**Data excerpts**
==================================================
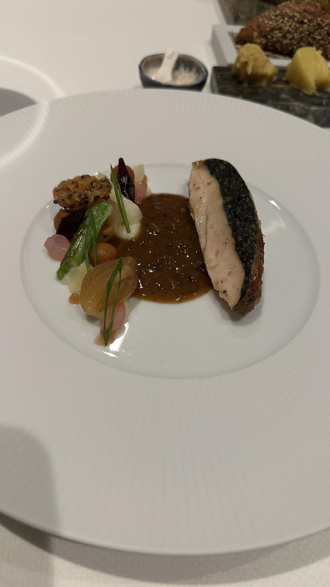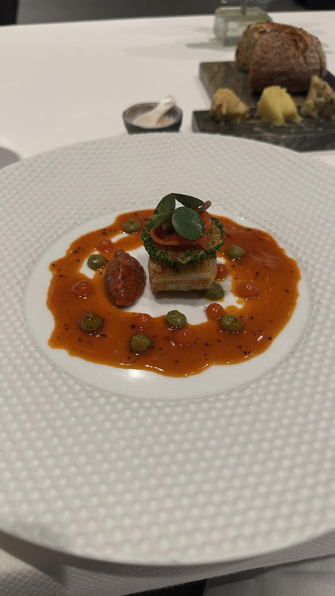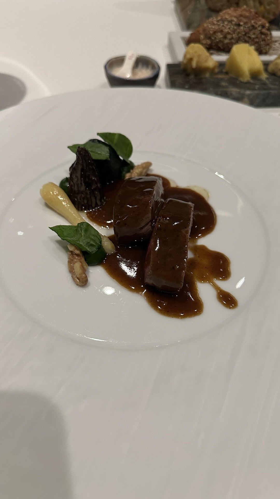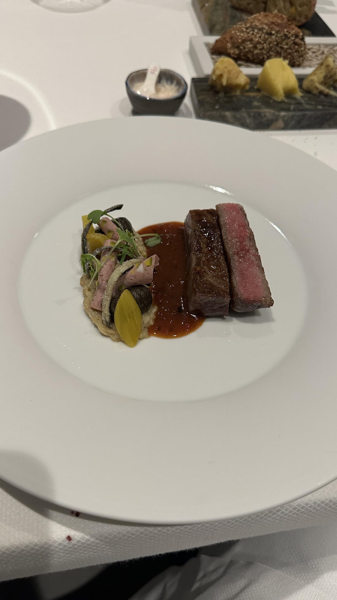 We both had the Signature experience and added the supplement instead of replacing the main dish. The food was impeccable. Every dish wowed us with its presentation and flavor, even the bread service. The Wagyu and Sea Bass were my favorite dishes. The cheese cart they have is impressive and we found a wonderful new cheese that we loved. This meal was our favorite in Amsterdam and we would easily go back for the food alone.
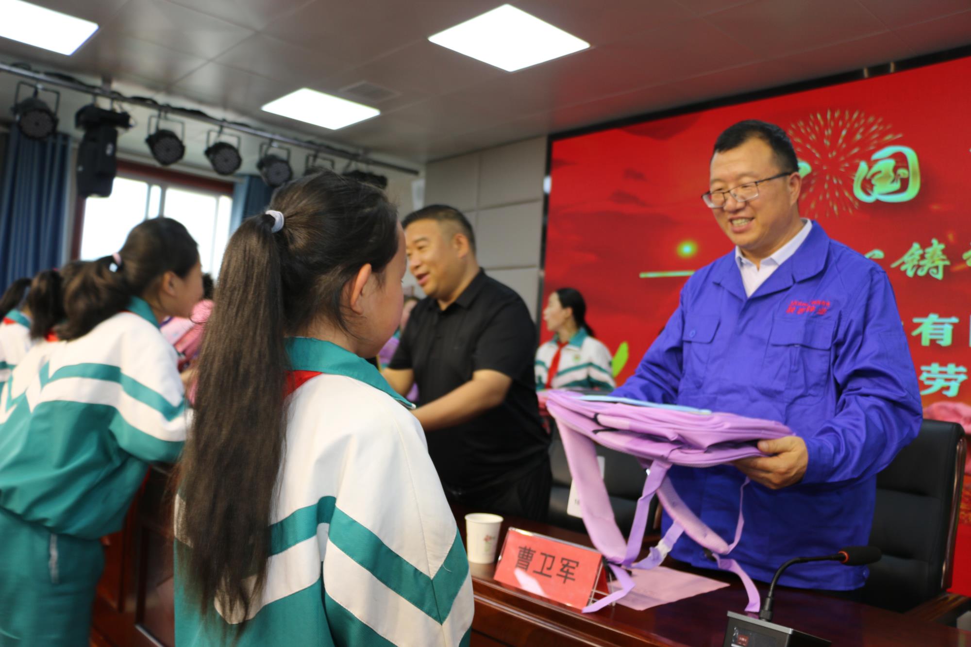 活动最后,陕西锌业公司向困难学生赠送了书包、文具盒等学习用品,并合影留念。向孩子们送上节日祝福、共同庆祝“六一儿童节”。
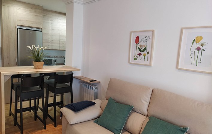 El salón cuenta con una Smart TV de 49 pulgadas para tus momentos de entretenimiento, junto con un cómodo sofá cama con apertura italiana, proporcionando un espacio adicional para dormir si es necesario. Además, se ofrece todo el ajuar necesario, desde sábanas y edredones hasta juegos de toallas, así como vajilla, cubertería y cristalería.
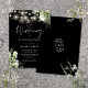 This elegant black and white wedding invitation features pretty string lights and floral greenery and can be personalized with your information in chic typography with your monogram initials on the reverse. Designed by Thisisnotme©
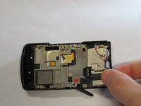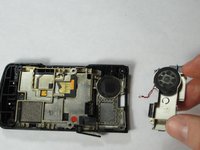 Remove the speaker component from the back of the phone by lifting up the top part to a 45 degree angle and pulling it out.
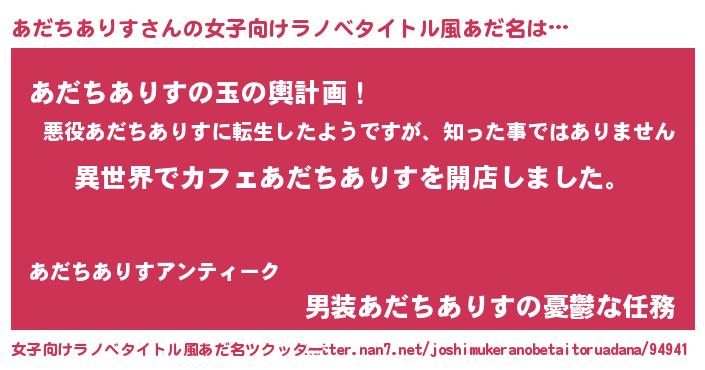 | 男性向けラノベタイトル風あだ名 | 『誰もが恐れるあのあだちありすが、ぼくの専属メイドになるようです。』 |
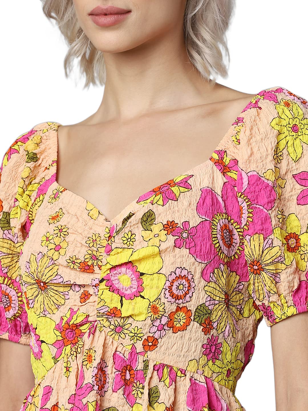 Short dress in textured all over printed woven fabric with a fitted bodice and gently flared skirt. Sweetheart neckline at the front with narrow, covered elastication, and short puff sleeves. Concealed zipper at center back neck. Unlined
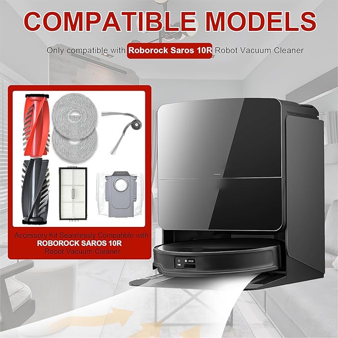 - [Product Compatibility]:Accessory Kit Compatible with Roborock Saros 10R Robotic Vacuum Cleaners, please confirm your robot model before purchase.
==================================================
**YOUR TASK**
Print exactly the lines from the first line of the records above through the line containing "Remove the speaker", leaving out the pictures.

**RESPONSE FOR THIS EXERCISE**
 We both had the Signature experience and added the supplement instead of replacing the main dish. The food was impeccable. Every dish wowed us with its presentation and flavor, even the bread service. The Wagyu and Sea Bass were my favorite dishes. The cheese cart they have is impressive and we found a wonderful new cheese that we loved. This meal was our favorite in Amsterdam and we would easily go back for the food alone.
 活动最后,陕西锌业公司向困难学生赠送了书包、文具盒等学习用品,并合影留念。向孩子们送上节日祝福、共同庆祝“六一儿童节”。
 El salón cuenta con una Smart TV de 49 pulgadas para tus momentos de entretenimiento, junto con un cómodo sofá cama con apertura italiana, proporcionando un espacio adicional para dormir si es necesario. Además, se ofrece todo el ajuar necesario, desde sábanas y edredones hasta juegos de toallas, así como vajilla, cubertería y cristalería.
 This elegant black and white wedding invitation features pretty string lights and floral greenery and can be personalized with your information in chic typography with your monogram initials on the reverse. Designed by Thisisnotme©
 Remove the speaker component from the back of the phone by lifting up the top part to a 45 degree angle and pulling it out.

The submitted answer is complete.